[Standards] Namespaces, specifications, and protocol life cycles

Peter Saint-Andre stpeter at stpeter.im
Wed Sep 10 14:59:44 UTC 2008

Dave Cridland wrote:
> On Wed Sep 10 02:54:19 2008, Peter Saint-Andre wrote:
>> Dave Cridland wrote:
>>> the advantage here is that if the protocol is stable earlier than its 
>>> move to Draft - and actually, this is normally the case, a lot of the 
>>> pre-draft stuff is specification wrangling rather than proptocol 
>>> redesign - people can go ahead and implement it, and it'll continue 
>>> to work.
>>> Otherwise, as we get closer to Draft, we're actually putting people 
>>> off implementation at the very moment we want to encourage it.
>> I think that's the key bit.
>> But how much are developers scared off by the need to support both 
>> urn:xmpp:tmp:foo and urn:xmpp:foo? It seems to me that's just a simple 
>> switch statement in your code.
> No, it's not, because urn:xmpp:tmp:* is actually meaningless. These 
> namespaces are used for documents in wild fluidity, and one 
> implementation's urn:xmpp:tmp:foo may well be completely different from 
> another's.

I see your point.

> A specification might stay stable for months, if not years, with a :tmp: 
> namespace, only to change later.

True. We try to avoid that, but it happens.

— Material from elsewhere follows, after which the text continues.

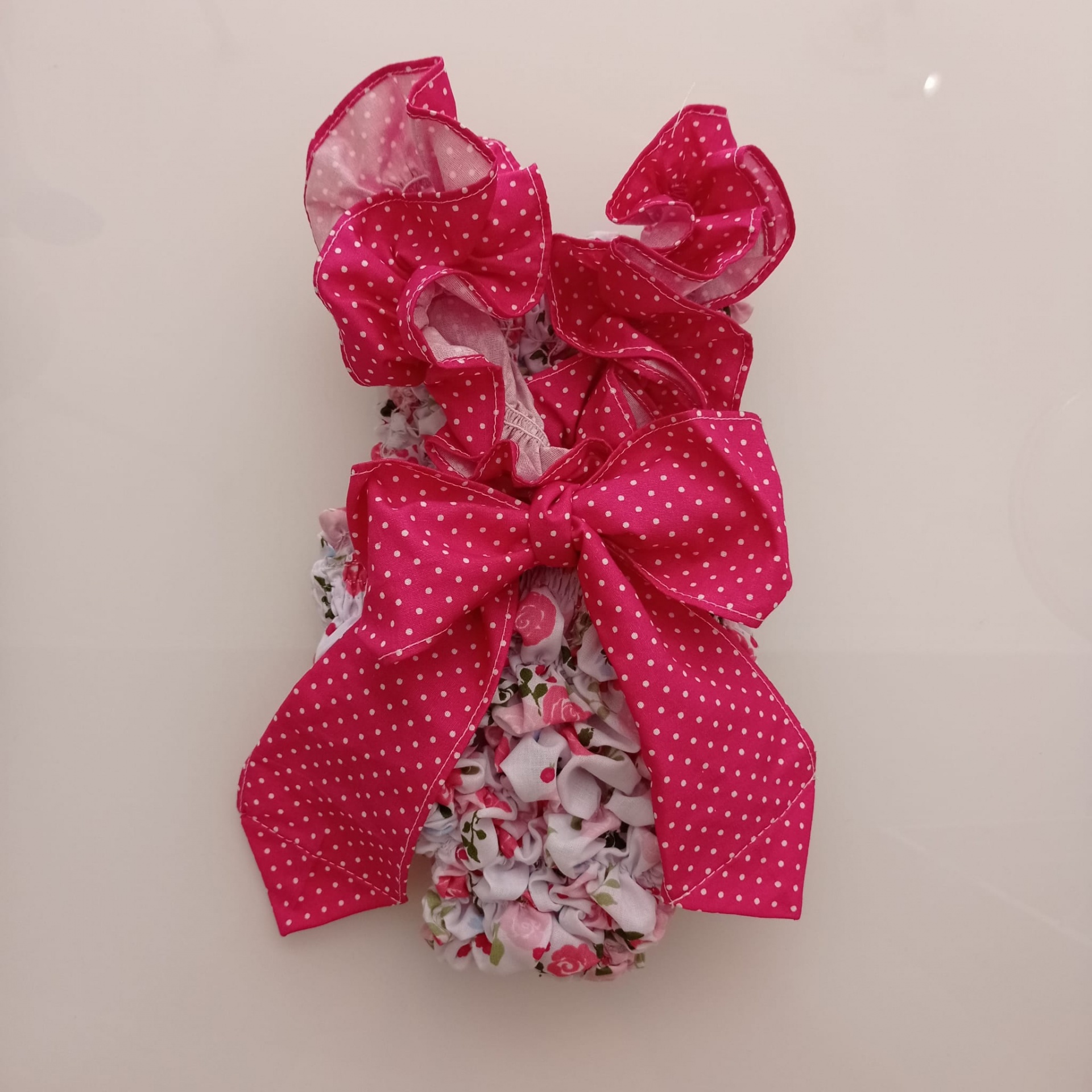 • Coelho de pelúcia com padrão floral e laços rosa com bolinhas brancas

> And in any case, if urn:xmpp:tmp:foo really is just a swich statement 
> away from urn:xmpp:foo, then why bother with tmp at all?

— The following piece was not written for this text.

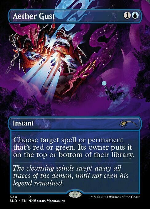 Choose target spell or permanent that's red or green. Its owner puts it on their choice of the top or bottom of their library.

Because we want to make it clear that until a XEP is Draft, it's not 
really official. It's merely a form of signalling, as far as I can see.

> FWIW, I definitely prefer to have :tmp: instead of a 0-version, because 
> it makes it clear that version changing is unusual, whereas  :tmp: 
> really means "unknown namespace".


I'm not deeply objecting to the idea, just getting used to it...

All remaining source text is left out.